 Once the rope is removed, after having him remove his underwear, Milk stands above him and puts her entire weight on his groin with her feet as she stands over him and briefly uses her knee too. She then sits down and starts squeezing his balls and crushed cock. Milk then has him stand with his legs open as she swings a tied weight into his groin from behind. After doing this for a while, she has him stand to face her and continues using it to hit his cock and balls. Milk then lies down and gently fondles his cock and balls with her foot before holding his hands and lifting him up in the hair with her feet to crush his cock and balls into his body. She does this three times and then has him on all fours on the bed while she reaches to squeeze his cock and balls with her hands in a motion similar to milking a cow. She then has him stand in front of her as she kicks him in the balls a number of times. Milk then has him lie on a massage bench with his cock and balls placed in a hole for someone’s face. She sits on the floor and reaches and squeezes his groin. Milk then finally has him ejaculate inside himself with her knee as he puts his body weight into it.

· · · · · · ·

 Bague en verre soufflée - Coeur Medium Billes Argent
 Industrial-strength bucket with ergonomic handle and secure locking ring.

· · · · · · ·

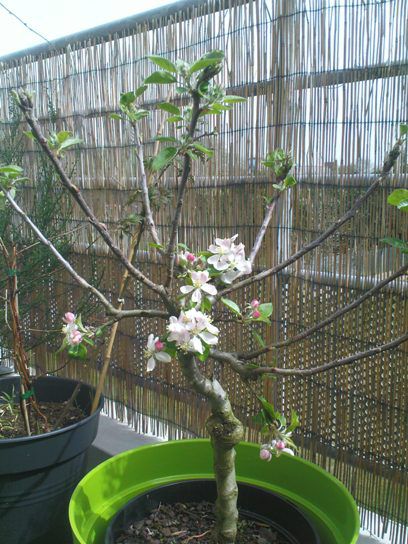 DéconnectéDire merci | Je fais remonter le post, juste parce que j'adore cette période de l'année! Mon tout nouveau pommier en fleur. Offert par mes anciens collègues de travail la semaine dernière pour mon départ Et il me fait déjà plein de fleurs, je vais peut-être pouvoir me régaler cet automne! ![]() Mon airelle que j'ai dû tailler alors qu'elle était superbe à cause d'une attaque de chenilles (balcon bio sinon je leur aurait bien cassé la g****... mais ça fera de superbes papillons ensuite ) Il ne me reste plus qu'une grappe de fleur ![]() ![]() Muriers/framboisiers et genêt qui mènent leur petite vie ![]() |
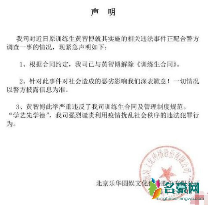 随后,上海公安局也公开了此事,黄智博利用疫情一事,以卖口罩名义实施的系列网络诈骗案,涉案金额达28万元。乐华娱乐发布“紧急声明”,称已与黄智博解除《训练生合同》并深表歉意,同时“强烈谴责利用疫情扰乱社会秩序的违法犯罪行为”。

· · · · · · ·

# Instructions to follow
Your answer should consist of every line from the entries that holds "with".

# Result for this exercise
 Once the rope is removed, after having him remove his underwear, Milk stands above him and puts her entire weight on his groin with her feet as she stands over him and briefly uses her knee too. She then sits down and starts squeezing his balls and crushed cock. Milk then has him stand with his legs open as she swings a tied weight into his groin from behind. After doing this for a while, she has him stand to face her and continues using it to hit his cock and balls. Milk then lies down and gently fondles his cock and balls with her foot before holding his hands and lifting him up in the hair with her feet to crush his cock and balls into his body. She does this three times and then has him on all fours on the bed while she reaches to squeeze his cock and balls with her hands in a motion similar to milking a cow. She then has him stand in front of her as she kicks him in the balls a number of times. Milk then has him lie on a massage bench with his cock and balls placed in a hole for someone’s face. She sits on the floor and reaches and squeezes his groin. Milk then finally has him ejaculate inside himself with her knee as he puts his body weight into it.
 Industrial-strength bucket with ergonomic handle and secure locking ring.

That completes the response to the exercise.